Material for this exercise Block Start
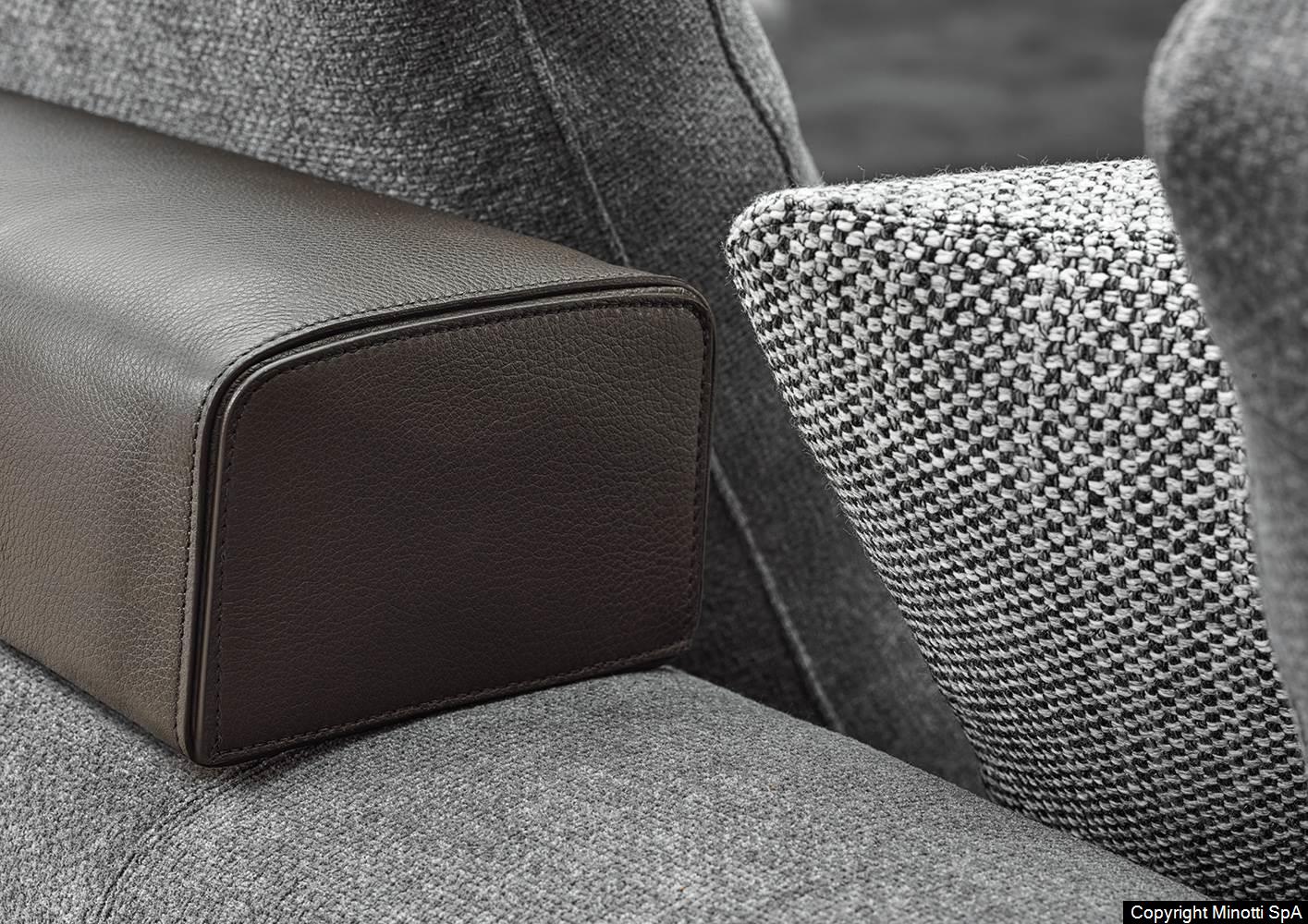 As well as the fabric covering, the padded structural base can also feature a covering with strips of leather, crafted with the same technique used in fine leather luggage-making. References to the concept of high-end leather goods are also found in the headrests and the elegant “C”-shaped Flap surfaces, which seamlessly blend into the seating elements, animating the compositions with a vibrant rhythm.
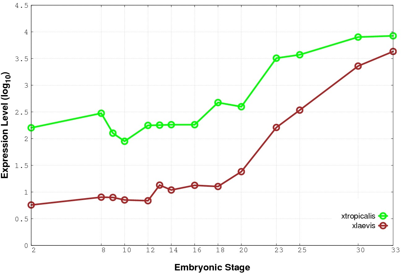 | RNA-Seq and EST Transcriptome profiles | ???displayGene.tropicalis??? | ???displayGene.laevis???.L | ???displayGene.laevis???.S |
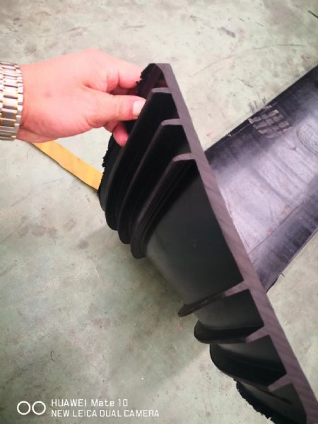 在施工中,在混凝土浇筑过程中,把橡胶止水带部分或全部浇埋在混凝土中,如果混凝土中有许多尖角的石子和税利的钢筋头,由于橡胶的撕裂强度比拉伸强度低3-5倍,因此一旦被刺破或者撕裂时,不需很大外力裂口就会扩大,所以在止水带定位和混凝土浇捣过程中,应注意定位方法和浇捣压力 ,以免止水带被刺破,从而影响止水带的防水效果。
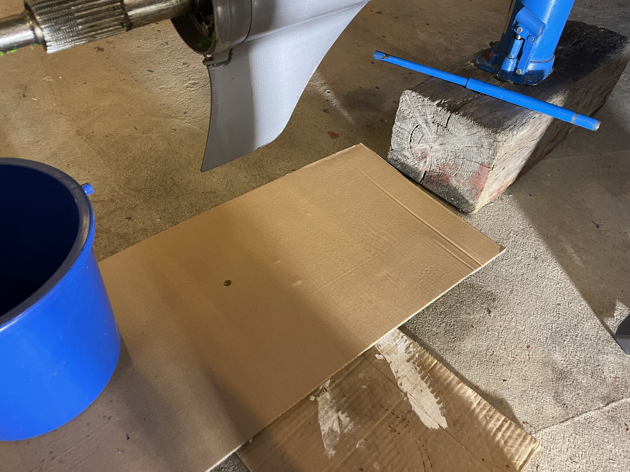 Lagt under en ren kartongbit så får jag kolla imorgon om det kommit fram någon oljedroppe. Fläcken i nedre bilden är inte olja, utan en kvarvarande droppe propylenglykol från höstens konservering.
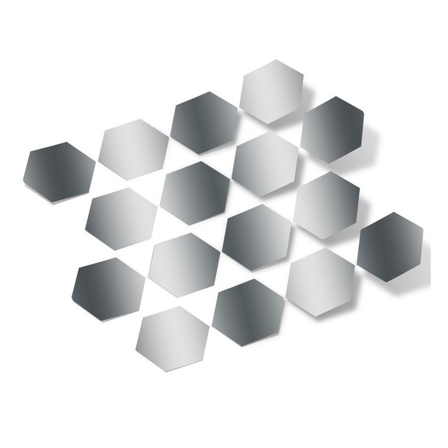 Enhance your space with our Metallic Silver Hexagons Vinyl Wall Decals in a combination of different sizes. Made from high performance grade vinyl, these quality die-cut decal stickers feature an anti-reflective matte finish and can be arranged in a variety of unique styles to decorate walls, vehicles, glass windows, electronics, or any other smooth surface, with easy, clean removal and no sticky residue left behind!
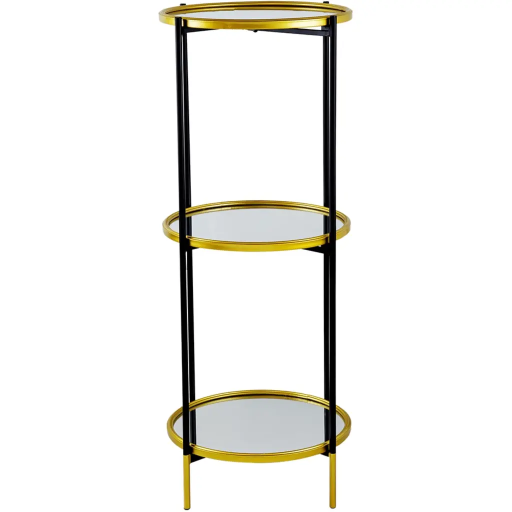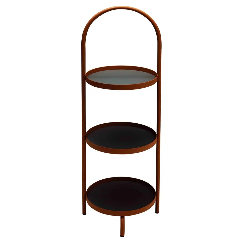This tiered side table is designed with a sturdy steel frame and three circular surfaces for displaying favorite accents.
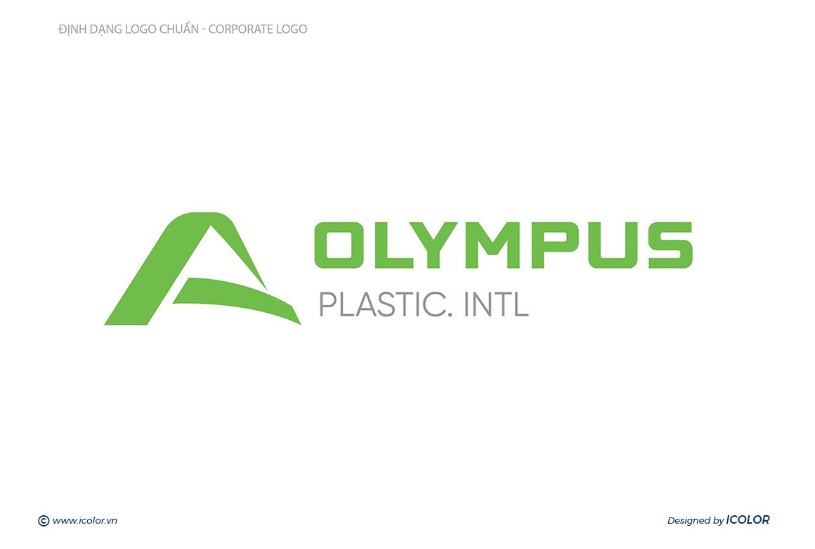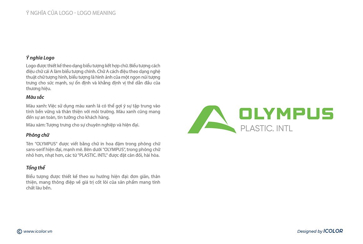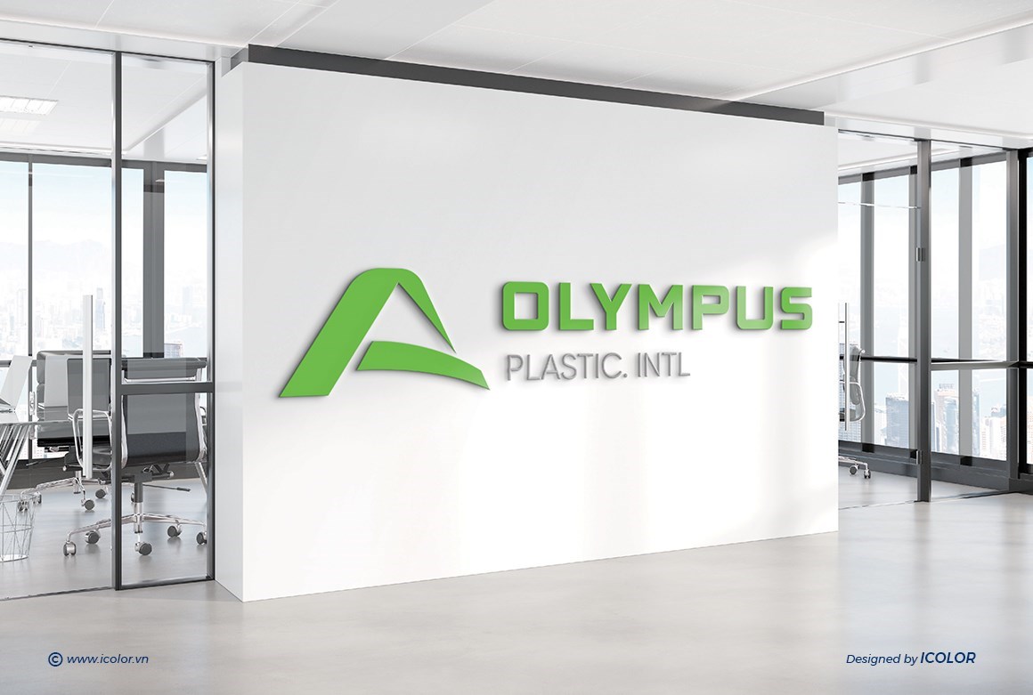- Biểu tượng màu xanh lá có hình dáng cách điệu, gợi lên hình ảnh ngọn núi Olympus – biểu tượng của sự vững chắc, vươn cao và chinh phục. Màu xanh cũng đại diện cho sự thân thiện với môi trường, phù hợp với lĩnh vực nhựa và định hướng phát triển bền vững.
Material for this exercise Block End
## Prompt
All of the material above should be set down again exactly, though not its pictures.

## Solution to this problem
 As well as the fabric covering, the padded structural base can also feature a covering with strips of leather, crafted with the same technique used in fine leather luggage-making. References to the concept of high-end leather goods are also found in the headrests and the elegant “C”-shaped Flap surfaces, which seamlessly blend into the seating elements, animating the compositions with a vibrant rhythm.
 | RNA-Seq and EST Transcriptome profiles | ???displayGene.tropicalis??? | ???displayGene.laevis???.L | ???displayGene.laevis???.S |
 在施工中,在混凝土浇筑过程中,把橡胶止水带部分或全部浇埋在混凝土中,如果混凝土中有许多尖角的石子和税利的钢筋头,由于橡胶的撕裂强度比拉伸强度低3-5倍,因此一旦被刺破或者撕裂时,不需很大外力裂口就会扩大,所以在止水带定位和混凝土浇捣过程中,应注意定位方法和浇捣压力 ,以免止水带被刺破,从而影响止水带的防水效果。
 Lagt under en ren kartongbit så får jag kolla imorgon om det kommit fram någon oljedroppe. Fläcken i nedre bilden är inte olja, utan en kvarvarande droppe propylenglykol från höstens konservering.
 Enhance your space with our Metallic Silver Hexagons Vinyl Wall Decals in a combination of different sizes. Made from high performance grade vinyl, these quality die-cut decal stickers feature an anti-reflective matte finish and can be arranged in a variety of unique styles to decorate walls, vehicles, glass windows, electronics, or any other smooth surface, with easy, clean removal and no sticky residue left behind!
This tiered side table is designed with a sturdy steel frame and three circular surfaces for displaying favorite accents.
- Biểu tượng màu xanh lá có hình dáng cách điệu, gợi lên hình ảnh ngọn núi Olympus – biểu tượng của sự vững chắc, vươn cao và chinh phục. Màu xanh cũng đại diện cho sự thân thiện với môi trường, phù hợp với lĩnh vực nhựa và định hướng phát triển bền vững.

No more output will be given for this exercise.